» WORK TO BE COMPLETED
Nothing but an exact reproduction of the records, pictures excluded, should be returned.

» MATERIAL SHOWN
* * * * * * *

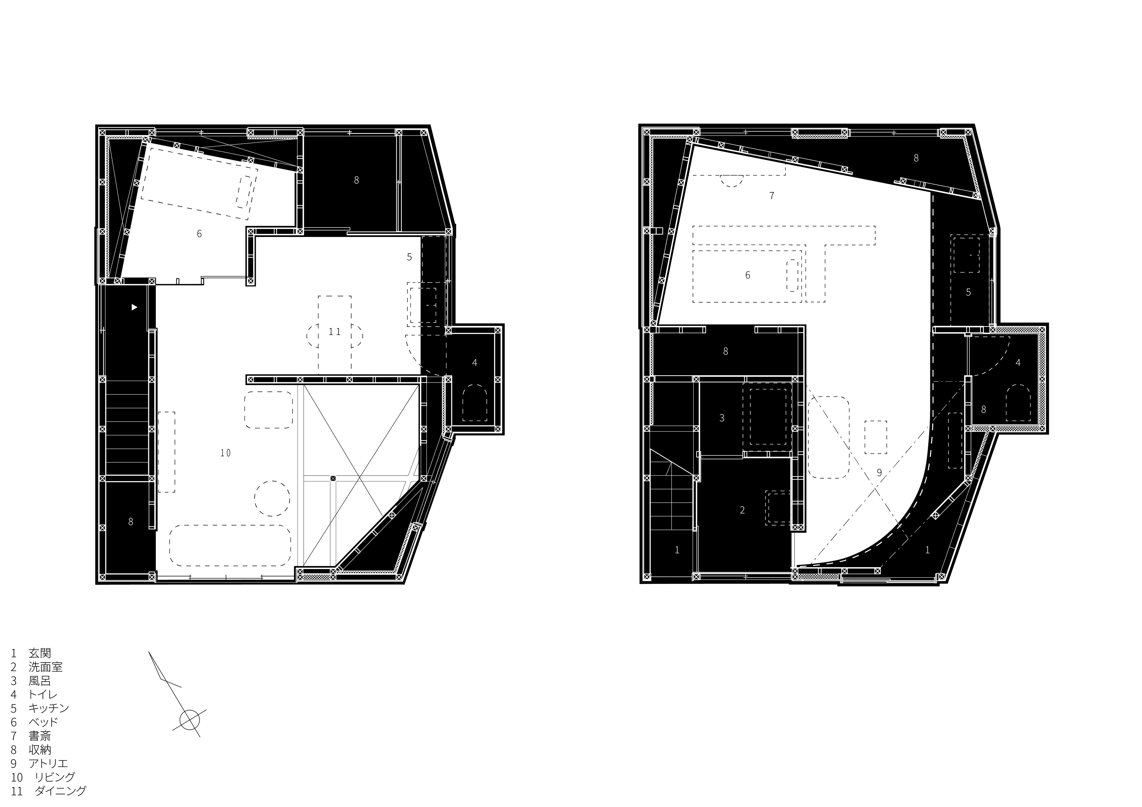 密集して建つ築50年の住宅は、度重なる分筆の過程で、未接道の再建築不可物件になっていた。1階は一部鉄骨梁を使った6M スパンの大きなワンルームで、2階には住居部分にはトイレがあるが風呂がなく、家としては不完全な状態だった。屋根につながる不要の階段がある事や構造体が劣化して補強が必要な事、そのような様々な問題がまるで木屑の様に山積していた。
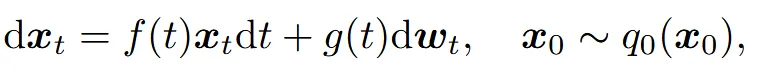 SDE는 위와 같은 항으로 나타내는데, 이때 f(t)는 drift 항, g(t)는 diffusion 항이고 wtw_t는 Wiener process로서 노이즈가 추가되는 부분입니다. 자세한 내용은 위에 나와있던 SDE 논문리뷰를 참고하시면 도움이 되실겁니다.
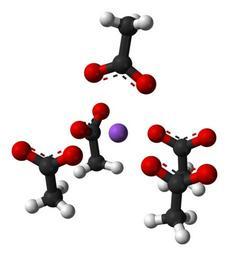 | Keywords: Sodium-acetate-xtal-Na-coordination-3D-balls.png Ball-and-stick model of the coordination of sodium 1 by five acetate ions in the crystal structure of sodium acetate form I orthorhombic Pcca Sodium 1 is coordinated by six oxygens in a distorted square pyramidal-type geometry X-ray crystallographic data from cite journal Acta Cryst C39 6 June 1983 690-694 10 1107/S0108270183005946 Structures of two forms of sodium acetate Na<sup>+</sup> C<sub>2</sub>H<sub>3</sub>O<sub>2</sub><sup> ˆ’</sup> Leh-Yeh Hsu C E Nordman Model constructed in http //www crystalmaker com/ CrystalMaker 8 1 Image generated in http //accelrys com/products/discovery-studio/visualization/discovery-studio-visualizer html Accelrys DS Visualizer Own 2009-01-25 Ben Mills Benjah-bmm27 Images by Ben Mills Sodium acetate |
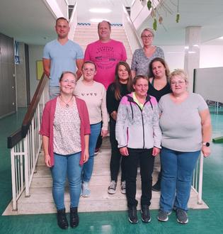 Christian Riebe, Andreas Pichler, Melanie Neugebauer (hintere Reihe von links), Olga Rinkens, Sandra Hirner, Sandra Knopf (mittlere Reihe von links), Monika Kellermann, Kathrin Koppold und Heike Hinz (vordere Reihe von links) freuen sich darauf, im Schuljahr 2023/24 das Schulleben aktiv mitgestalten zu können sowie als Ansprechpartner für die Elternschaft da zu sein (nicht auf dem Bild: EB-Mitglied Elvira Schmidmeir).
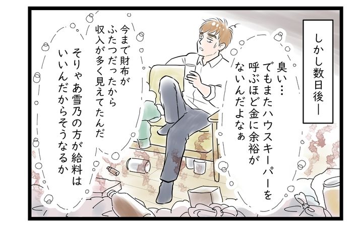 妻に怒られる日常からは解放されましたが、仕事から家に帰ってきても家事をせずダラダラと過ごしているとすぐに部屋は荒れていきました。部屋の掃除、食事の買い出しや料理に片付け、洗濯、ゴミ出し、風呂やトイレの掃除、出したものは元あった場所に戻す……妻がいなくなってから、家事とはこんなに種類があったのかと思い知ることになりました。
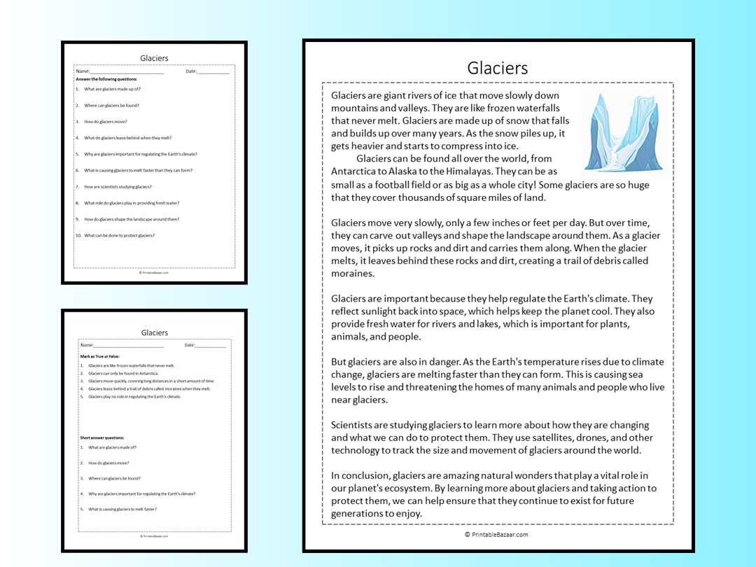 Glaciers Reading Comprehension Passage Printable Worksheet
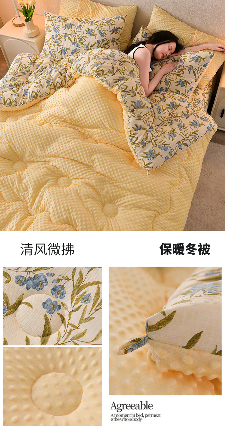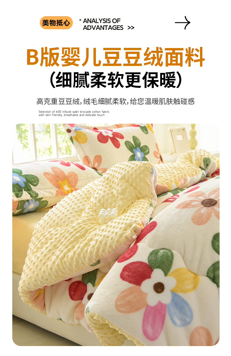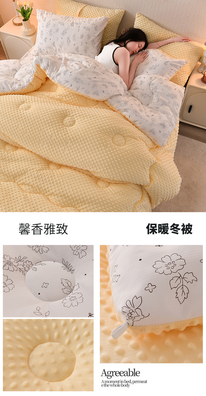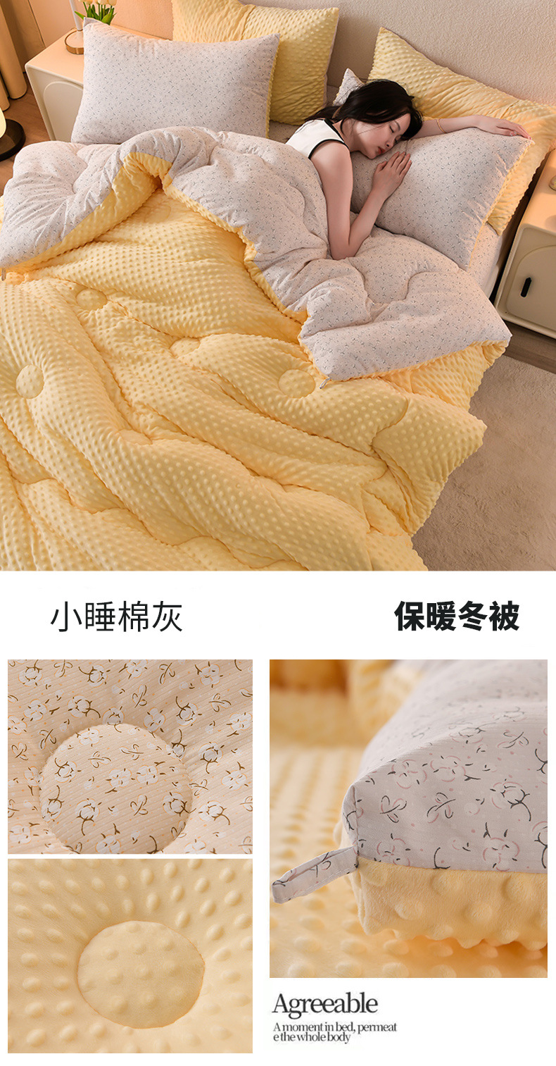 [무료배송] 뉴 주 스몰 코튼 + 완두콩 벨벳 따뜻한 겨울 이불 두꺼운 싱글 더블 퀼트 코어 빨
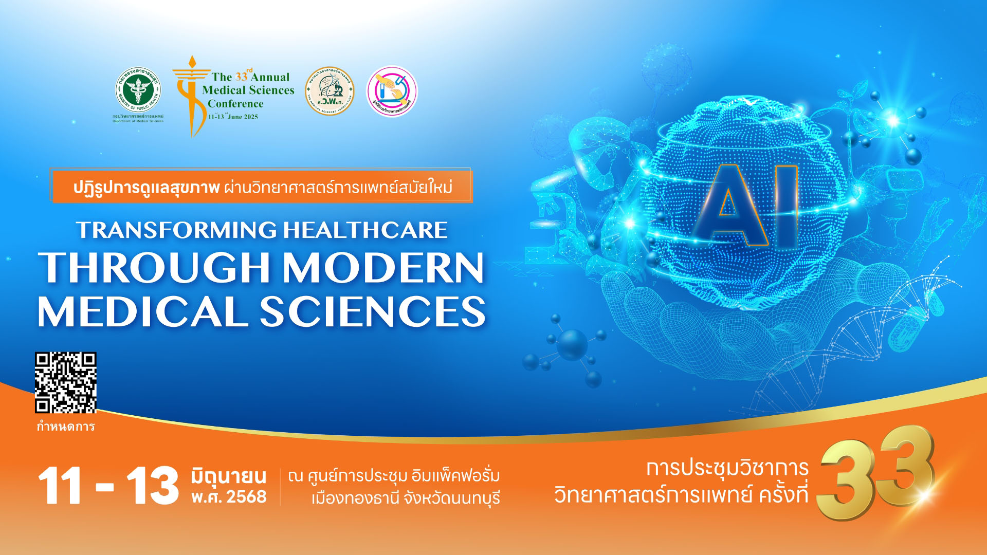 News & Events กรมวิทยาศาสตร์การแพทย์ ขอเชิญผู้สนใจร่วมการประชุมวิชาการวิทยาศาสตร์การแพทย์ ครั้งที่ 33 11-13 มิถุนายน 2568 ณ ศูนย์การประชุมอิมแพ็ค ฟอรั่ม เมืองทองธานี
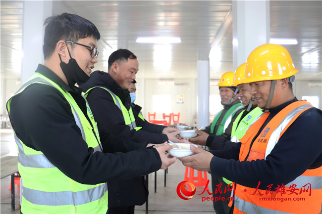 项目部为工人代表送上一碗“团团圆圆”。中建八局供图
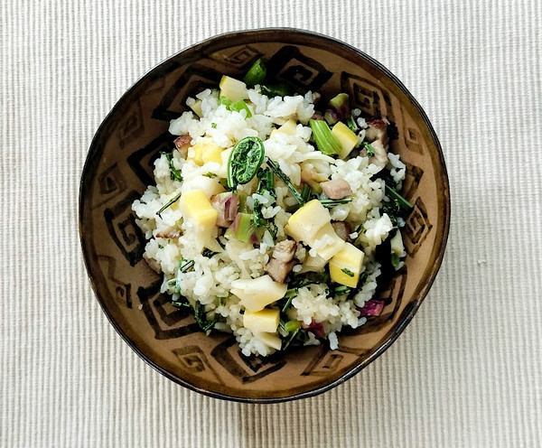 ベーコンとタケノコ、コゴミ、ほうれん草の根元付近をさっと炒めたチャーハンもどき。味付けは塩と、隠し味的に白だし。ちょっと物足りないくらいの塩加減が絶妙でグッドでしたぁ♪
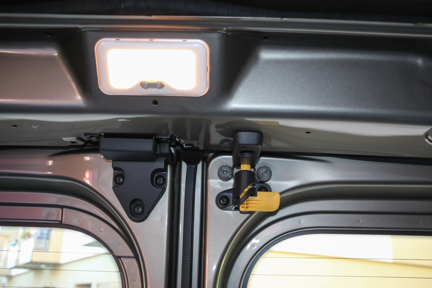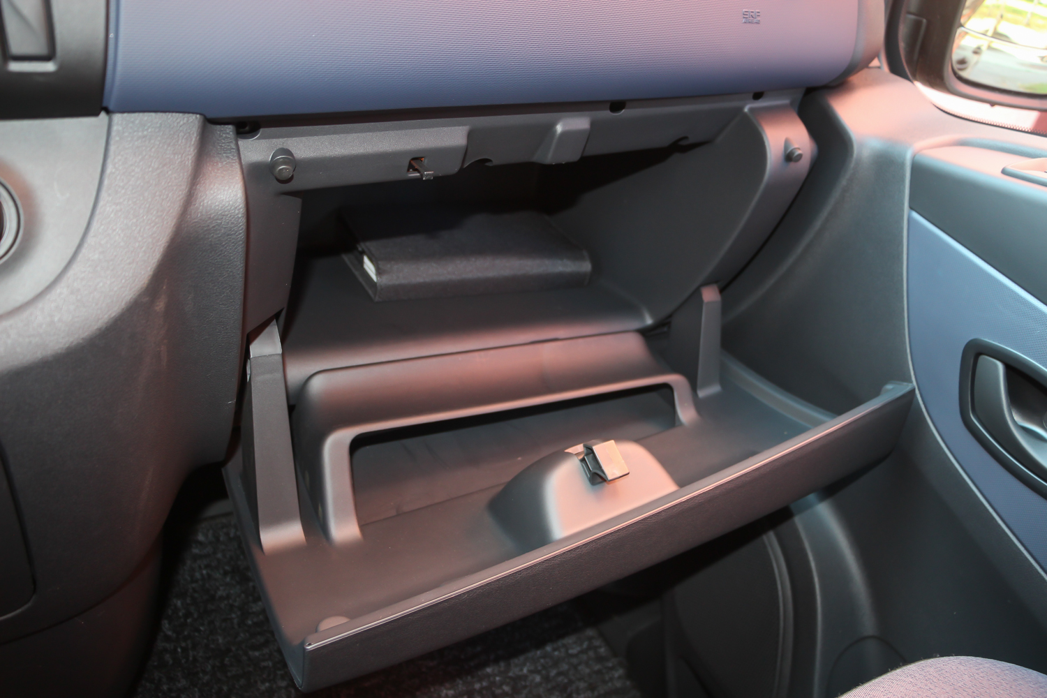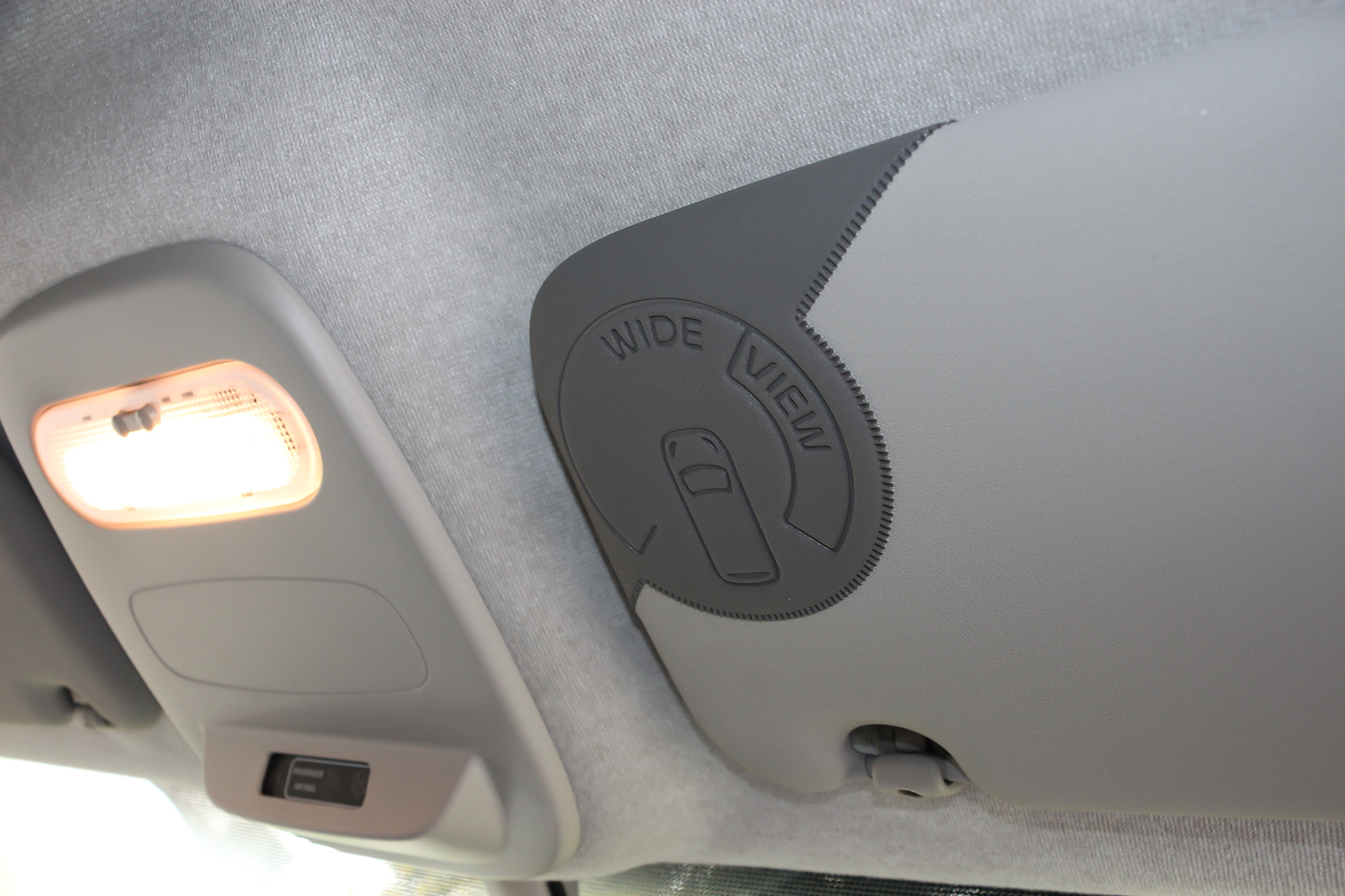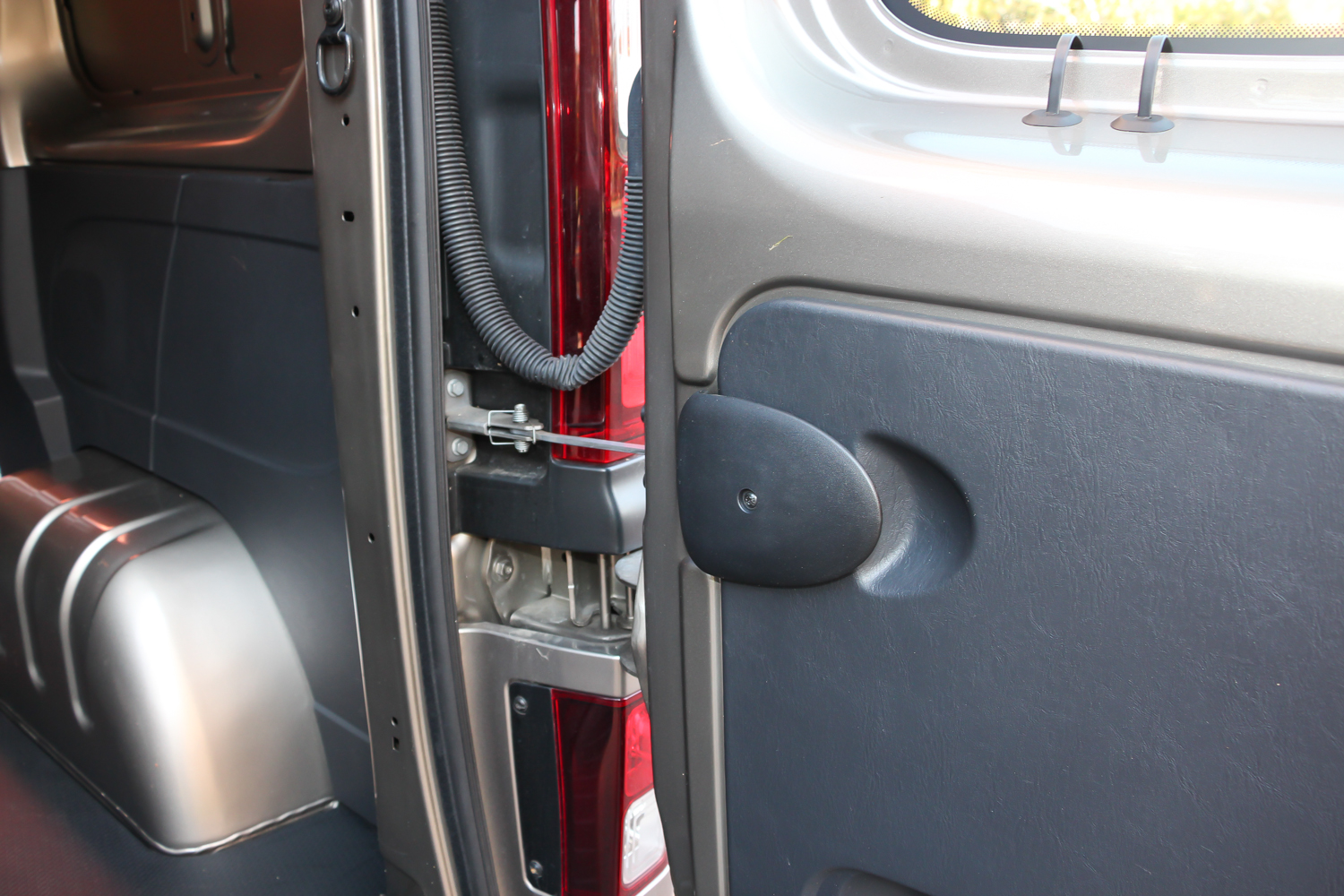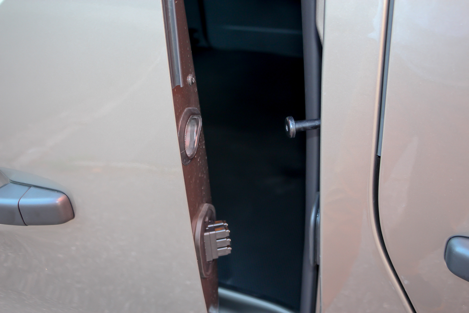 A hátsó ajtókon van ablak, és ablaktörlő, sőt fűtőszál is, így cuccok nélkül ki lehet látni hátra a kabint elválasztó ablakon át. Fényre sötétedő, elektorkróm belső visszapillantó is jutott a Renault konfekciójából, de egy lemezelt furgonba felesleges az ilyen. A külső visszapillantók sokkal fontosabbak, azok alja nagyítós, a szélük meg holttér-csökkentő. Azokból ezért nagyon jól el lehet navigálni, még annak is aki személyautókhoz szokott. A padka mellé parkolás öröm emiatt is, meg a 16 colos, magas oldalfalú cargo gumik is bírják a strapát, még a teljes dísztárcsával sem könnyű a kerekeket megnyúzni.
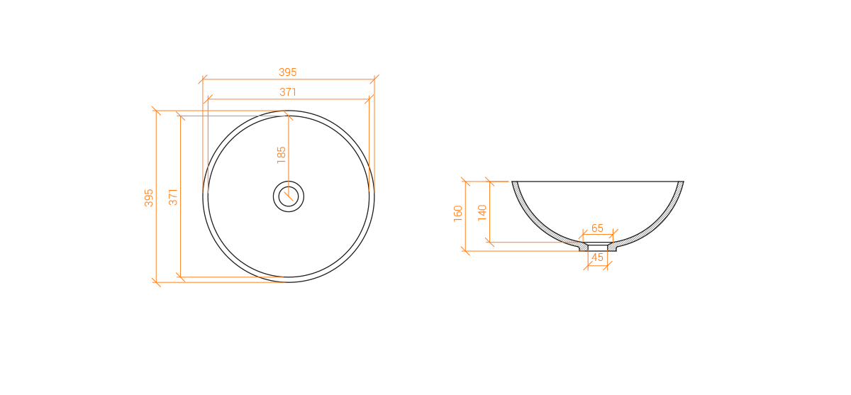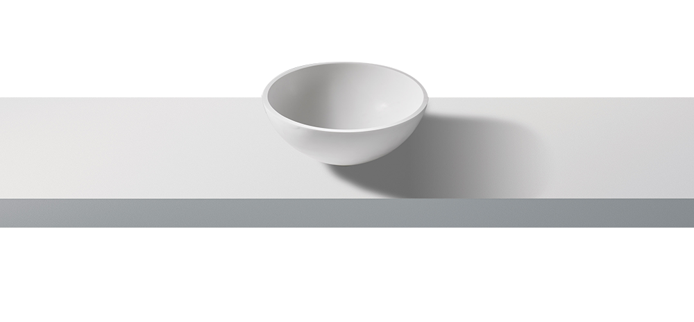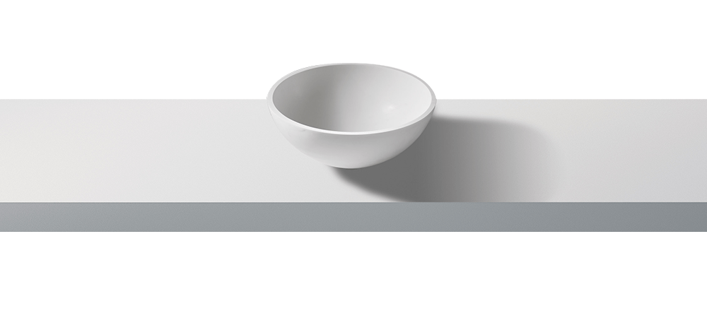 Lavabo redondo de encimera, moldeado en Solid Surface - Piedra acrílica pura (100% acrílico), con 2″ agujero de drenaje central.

* * * * * * *

» TASK RESPONSE
 密集して建つ築50年の住宅は、度重なる分筆の過程で、未接道の再建築不可物件になっていた。1階は一部鉄骨梁を使った6M スパンの大きなワンルームで、2階には住居部分にはトイレがあるが風呂がなく、家としては不完全な状態だった。屋根につながる不要の階段がある事や構造体が劣化して補強が必要な事、そのような様々な問題がまるで木屑の様に山積していた。
 SDE는 위와 같은 항으로 나타내는데, 이때 f(t)는 drift 항, g(t)는 diffusion 항이고 wtw_t는 Wiener process로서 노이즈가 추가되는 부분입니다. 자세한 내용은 위에 나와있던 SDE 논문리뷰를 참고하시면 도움이 되실겁니다.
 | Keywords: Sodium-acetate-xtal-Na-coordination-3D-balls.png Ball-and-stick model of the coordination of sodium 1 by five acetate ions in the crystal structure of sodium acetate form I orthorhombic Pcca Sodium 1 is coordinated by six oxygens in a distorted square pyramidal-type geometry X-ray crystallographic data from cite journal Acta Cryst C39 6 June 1983 690-694 10 1107/S0108270183005946 Structures of two forms of sodium acetate Na<sup>+</sup> C<sub>2</sub>H<sub>3</sub>O<sub>2</sub><sup> ˆ’</sup> Leh-Yeh Hsu C E Nordman Model constructed in http //www crystalmaker com/ CrystalMaker 8 1 Image generated in http //accelrys com/products/discovery-studio/visualization/discovery-studio-visualizer html Accelrys DS Visualizer Own 2009-01-25 Ben Mills Benjah-bmm27 Images by Ben Mills Sodium acetate |
 Christian Riebe, Andreas Pichler, Melanie Neugebauer (hintere Reihe von links), Olga Rinkens, Sandra Hirner, Sandra Knopf (mittlere Reihe von links), Monika Kellermann, Kathrin Koppold und Heike Hinz (vordere Reihe von links) freuen sich darauf, im Schuljahr 2023/24 das Schulleben aktiv mitgestalten zu können sowie als Ansprechpartner für die Elternschaft da zu sein (nicht auf dem Bild: EB-Mitglied Elvira Schmidmeir).
 妻に怒られる日常からは解放されましたが、仕事から家に帰ってきても家事をせずダラダラと過ごしているとすぐに部屋は荒れていきました。部屋の掃除、食事の買い出しや料理に片付け、洗濯、ゴミ出し、風呂やトイレの掃除、出したものは元あった場所に戻す……妻がいなくなってから、家事とはこんなに種類があったのかと思い知ることになりました。
 Glaciers Reading Comprehension Passage Printable Worksheet
 [무료배송] 뉴 주 스몰 코튼 + 완두콩 벨벳 따뜻한 겨울 이불 두꺼운 싱글 더블 퀼트 코어 빨
 News & Events กรมวิทยาศาสตร์การแพทย์ ขอเชิญผู้สนใจร่วมการประชุมวิชาการวิทยาศาสตร์การแพทย์ ครั้งที่ 33 11-13 มิถุนายน 2568 ณ ศูนย์การประชุมอิมแพ็ค ฟอรั่ม เมืองทองธานี
 项目部为工人代表送上一碗“团团圆圆”。中建八局供图
 ベーコンとタケノコ、コゴミ、ほうれん草の根元付近をさっと炒めたチャーハンもどき。味付けは塩と、隠し味的に白だし。ちょっと物足りないくらいの塩加減が絶妙でグッドでしたぁ♪
 A hátsó ajtókon van ablak, és ablaktörlő, sőt fűtőszál is, így cuccok nélkül ki lehet látni hátra a kabint elválasztó ablakon át. Fényre sötétedő, elektorkróm belső visszapillantó is jutott a Renault konfekciójából, de egy lemezelt furgonba felesleges az ilyen. A külső visszapillantók sokkal fontosabbak, azok alja nagyítós, a szélük meg holttér-csökkentő. Azokból ezért nagyon jól el lehet navigálni, még annak is aki személyautókhoz szokott. A padka mellé parkolás öröm emiatt is, meg a 16 colos, magas oldalfalú cargo gumik is bírják a strapát, még a teljes dísztárcsával sem könnyű a kerekeket megnyúzni.
 Lavabo redondo de encimera, moldeado en Solid Surface - Piedra acrílica pura (100% acrílico), con 2″ agujero de drenaje central.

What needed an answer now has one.